1. Create a Ledgex instance

import { Ledgex } from '@ledgex/core';

// Create a global or scoped instance
const store = new Ledgex({
  bufferSize: 100 // optional, default is unlimited
});

You can create:

  • one global instance for the entire app
  • or multiple instances for isolated state domains (e.g. editor, history, settings)

2. Use anywhere

const layer = store.get('background');

store.set('background', { color: '#202020' });

store.undo();
store.redo();

Real-World Example: Photo Editor Layer Backups (Undo / Redo)

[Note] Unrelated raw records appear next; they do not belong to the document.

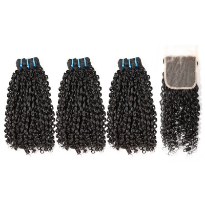 Stema Double Drawn Pissy Curly Virgin Human Hair With 4x4 Lace Closure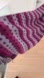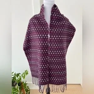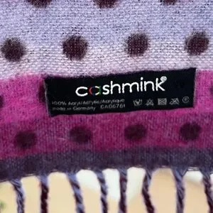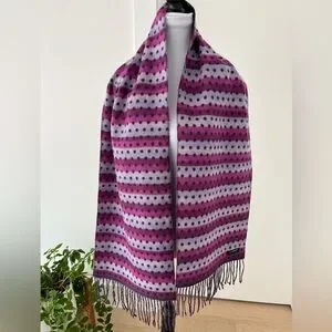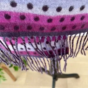 Cashmink winter scarf in purple polka dot in stripes pattern. Reversible. One side is lighter purple and the other side is darker purple. Fringe on short ends. Cashmink is 100% acrylic made in Germany.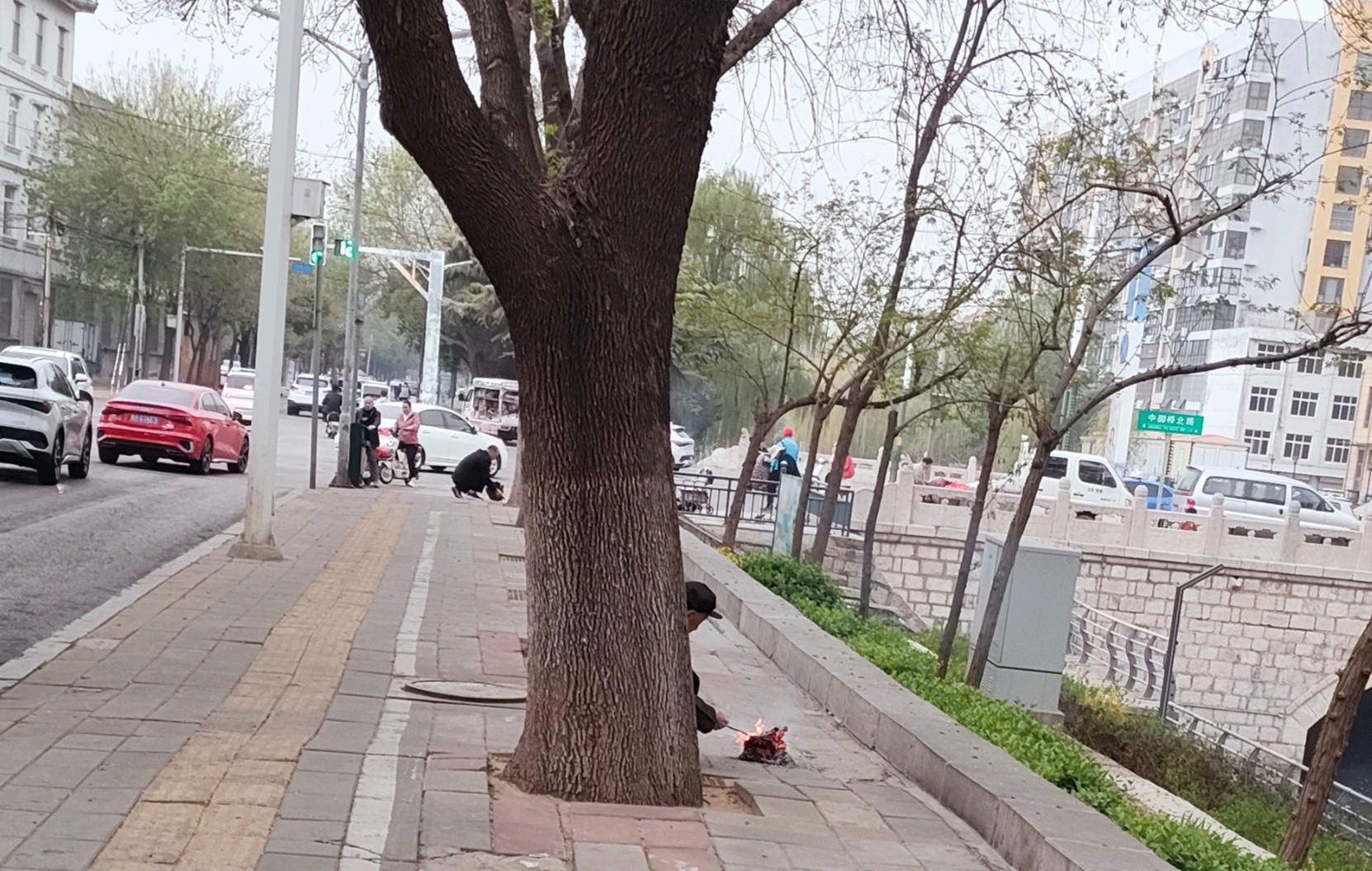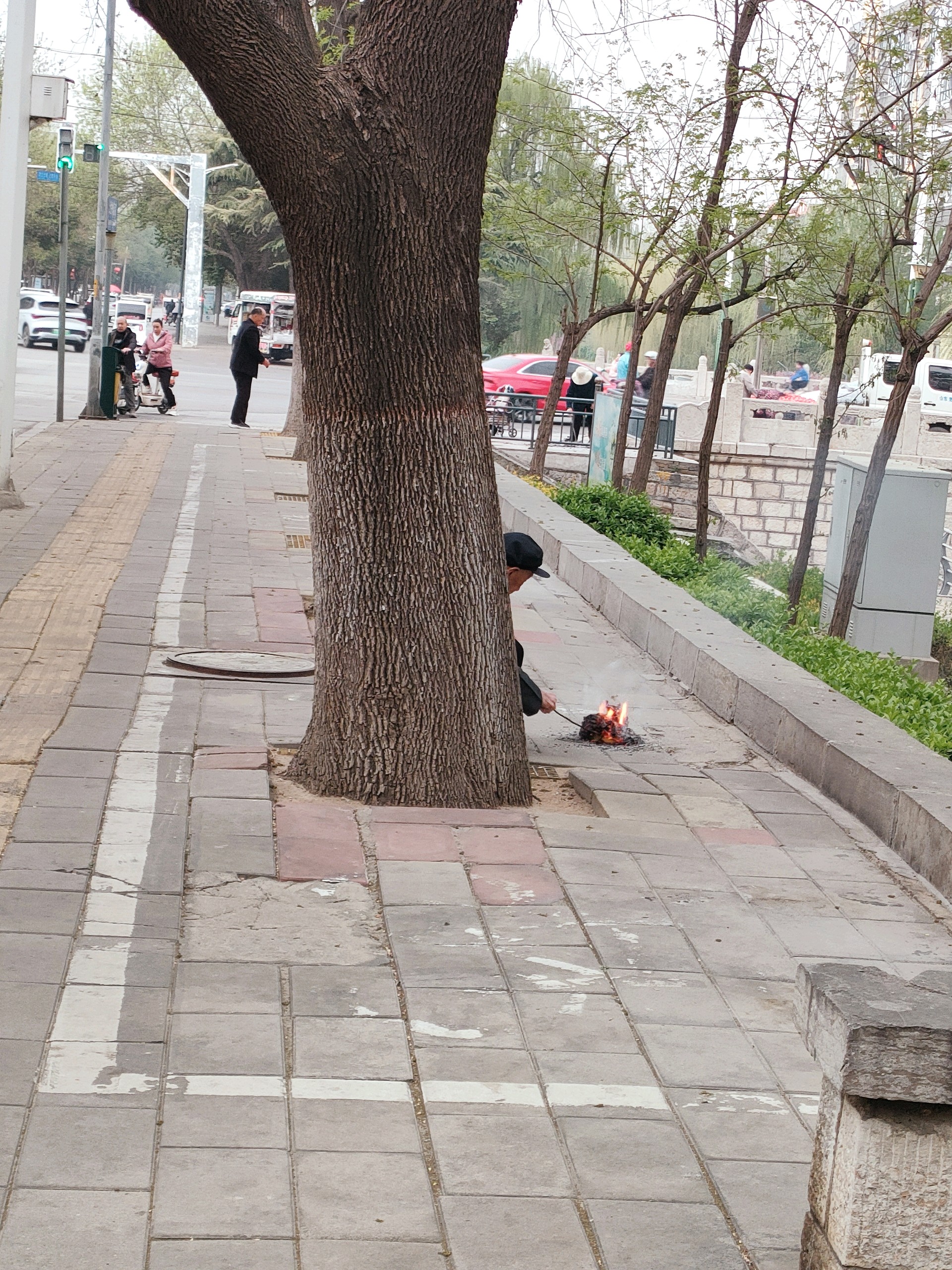 清明节,不方便上坟的人,在路边烧纸祭奠

This example shows how Ledgex can be used to efficiently back up complex UI state in applications like photo editors, diagram tools, or design software.

Concept

  • Use your own live state for immediate rendering and user feedback
  • Use Ledgex only for history snapshots
  • Apply throttling to avoid recording excessive intermediate states

Ledgex becomes a history engine, not your rendering bottleneck.


Example Code

import throttle from 'lodash/throttle';
import { Ledgex } from '@ledgex/core';
import { layers, setLayers } from './layersStore'; // your live state

const ledgex = new Ledgex({ bufferSize: 200 });

// Throttle backups to once every 300ms
const throttledSet = throttle(ledgex.set.bind(ledgex), 300);

function handlePropsChange(layerId, newProps) {
  setLayers(prevLayers =>
    prevLayers.map(layer => {
      if (layer.id === layerId) {
        const updatedLayer = layer.clone();
        updatedLayer.updateProps(newProps);

        // Backup only meaningful state changes
        throttledSet(layerId, updatedLayer.toObject());

        return updatedLayer;
      }
      return layer;
    })
  );
}

Why This Works So Well

  • Efficient Memory Usage Only meaningful diffs are stored — no full snapshots during rapid updates.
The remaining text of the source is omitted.